- **What you have to do**
From the records below, print only the part that opens with the line containing "其中mkdocs.yml是项" and closes with the line containing "Top-grain cowhide leather"; omit the pictures.

- **Supplied information**
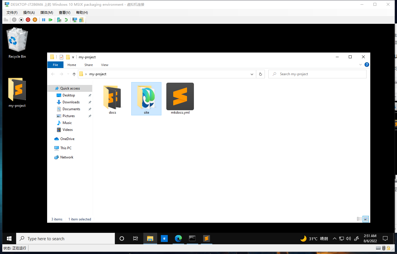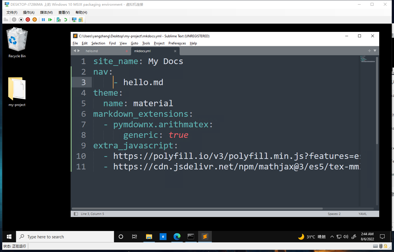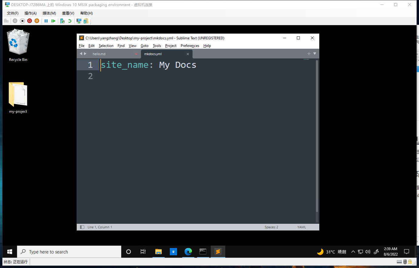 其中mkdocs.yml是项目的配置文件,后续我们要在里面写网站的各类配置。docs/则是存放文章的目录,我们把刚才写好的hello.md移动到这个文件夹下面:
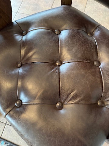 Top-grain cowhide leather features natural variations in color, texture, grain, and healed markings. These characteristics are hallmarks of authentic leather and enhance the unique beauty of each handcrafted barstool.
...
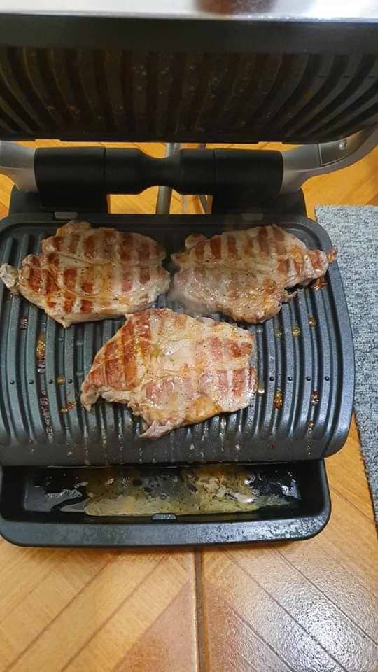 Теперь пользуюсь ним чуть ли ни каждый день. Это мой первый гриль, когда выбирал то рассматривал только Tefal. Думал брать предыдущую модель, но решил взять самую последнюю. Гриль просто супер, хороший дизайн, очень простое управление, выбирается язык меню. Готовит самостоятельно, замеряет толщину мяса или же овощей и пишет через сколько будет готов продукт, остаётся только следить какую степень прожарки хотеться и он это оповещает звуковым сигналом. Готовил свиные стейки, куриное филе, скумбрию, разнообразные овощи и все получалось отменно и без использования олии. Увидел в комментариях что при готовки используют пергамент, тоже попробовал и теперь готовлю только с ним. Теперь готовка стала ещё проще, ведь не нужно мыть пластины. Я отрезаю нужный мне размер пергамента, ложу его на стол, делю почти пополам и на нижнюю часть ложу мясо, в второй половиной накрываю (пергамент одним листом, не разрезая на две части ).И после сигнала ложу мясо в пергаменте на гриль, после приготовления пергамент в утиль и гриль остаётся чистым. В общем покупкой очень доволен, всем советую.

- **Solved problem**
 其中mkdocs.yml是项目的配置文件,后续我们要在里面写网站的各类配置。docs/则是存放文章的目录,我们把刚才写好的hello.md移动到这个文件夹下面:
 Top-grain cowhide leather features natural variations in color, texture, grain, and healed markings. These characteristics are hallmarks of authentic leather and enhance the unique beauty of each handcrafted barstool.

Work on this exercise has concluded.